Phillips has stayed relatively cryptic on campaign issues. The congressman’s public statements leading up to his campaign announcement have been critical of the fact that incumbent Joe Biden remains the far-and-away leader in the Democratic race, but Phillips has stopped short of criticizing any of Biden’s policy stances directly. Rather, he has called repeatedly for the sitting president to “pass the torch” to other Democrats seeking the party’s nomination. 

When stepping down from his House role as co-chair of the Democratic Policy and Communications Committee early in October, Philips said in a statement that his “convictions relative to the 2024 presidential race are incongruent with the majority of my caucus.”

He has pushed throughout the year for Democrats to “jump in” to the presidential race, particularly after the release of polling numbers showing Biden as unpopular among Democratic voters. 

Phillips, a political moderate, heir to the Phillips Distilling Company and one of the wealthiest members of Congress, first entered politics in 2018 by wrestling Minnesota’s Third Congressional District away from Republican Eric Paulsen. That win made him the first Democrat to represent the deep-red district in 60 years, part of a suburban blue wave which saw Minnesota’s Democratic Farmer Labor party pick up big wins in once-strong Republican suburbs while losing ground in its industrial power bases in the state’s northern reaches. 

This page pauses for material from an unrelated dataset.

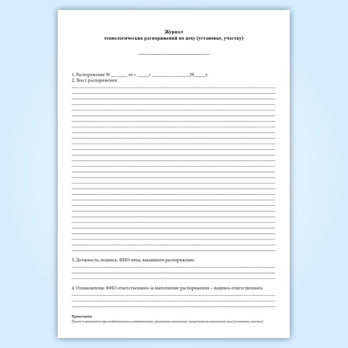 Журнал технологических распоряжений по цеху (установке, участку) в Ижевске купить
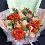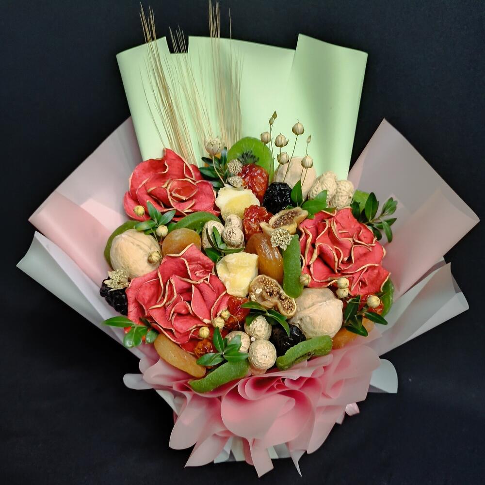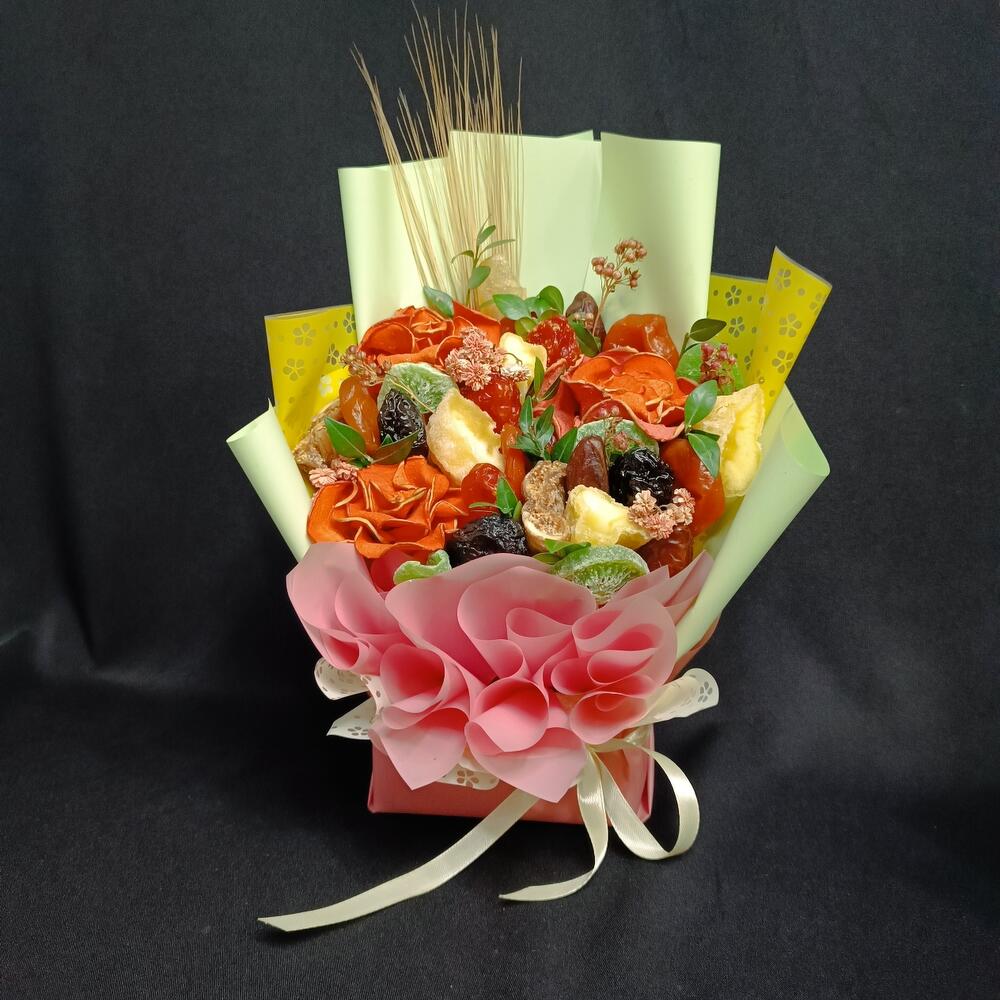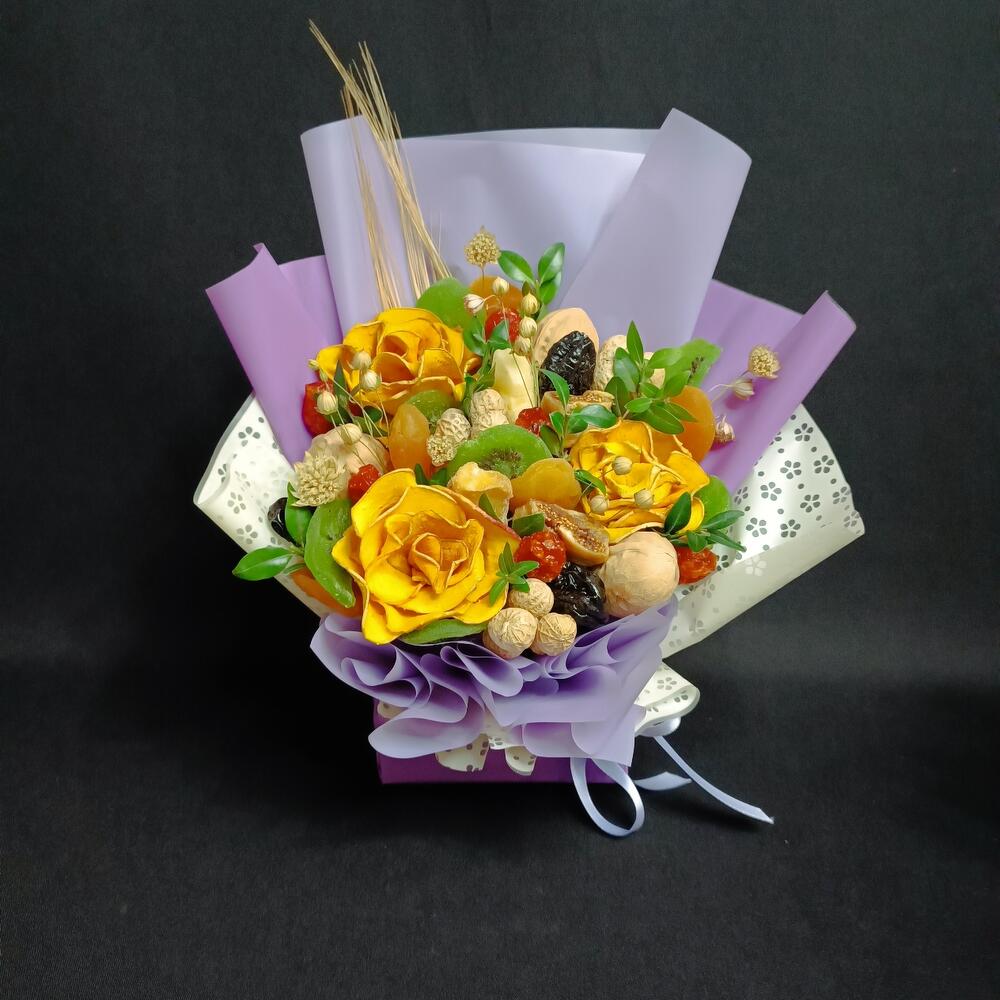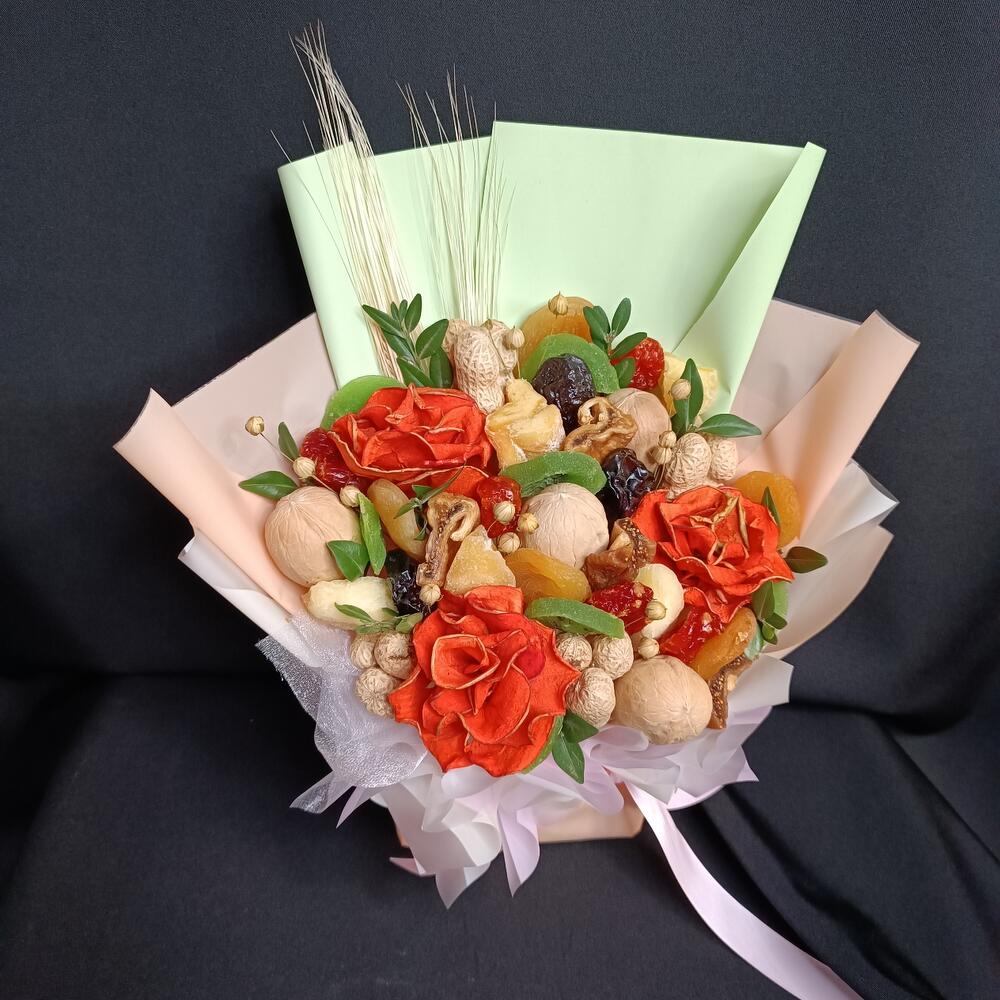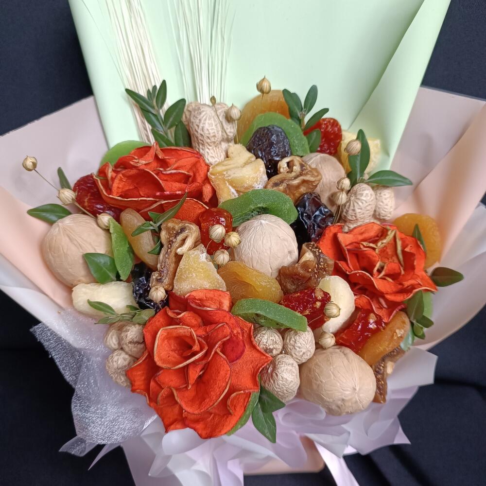 Яркий букет из сухофруктов, стоит самостоятельно не требуется ваза Может быть выполнен в разных цветах. Композиция из сухофруктов храниться до 14 дней

Phillips’ bid for the presidency has not been popular with prominent Democrats back home. Democratic governor Tim Walz dismissed press questions about Phillips Thursday, saying that the party was “going to have our nominee in President Biden, and that will get done and we'll move on.”

Democratic Farmer Labor party chair Ken Martin also expressed dismay about Phillips’ campaign to the Minneapolis Star Tribune, calling it “hopeless.” 

Phillips is also facing a primary challenge back home from Ron Harris, a onetime City of Minneapolis employee who is seeking to become the Third District's first representative of color.

Phillips’ decision to file in New Hampshire but skip Nevada, along with a continued silence on whether he will file in South Carolina by that state’s Nov. 10 deadline, adds yet another quixotic angle to his campaign. New Hampshire’s upcoming primary will not be recognized by the Democratic National Committee, thanks to an ongoing spat between the state and the national party over its longtime status as an early campaign stop. 

Democrats, Biden included, have pushed for states with greater Black and Latino populations to be moved to the top of the primary calendar, culminating in a plan to make South Carolina’s primary the party’s first. Republican New Hampshire election officials, however, have refused to adjust the state’s election plans. As a result, the Democratic National Committee has not placed the primary on its official calendar, and Biden’s campaign announced this week that the president won’t be on the state’s primary ballot. 

Phillips will instead be competing primarily against fellow long-shot candidate Marianne Williamson, an author, spiritual adviser and perennial candidate from California. Twelve other Democrats have also filed to appear on the ballot, and Biden may still make a showing in write-in votes.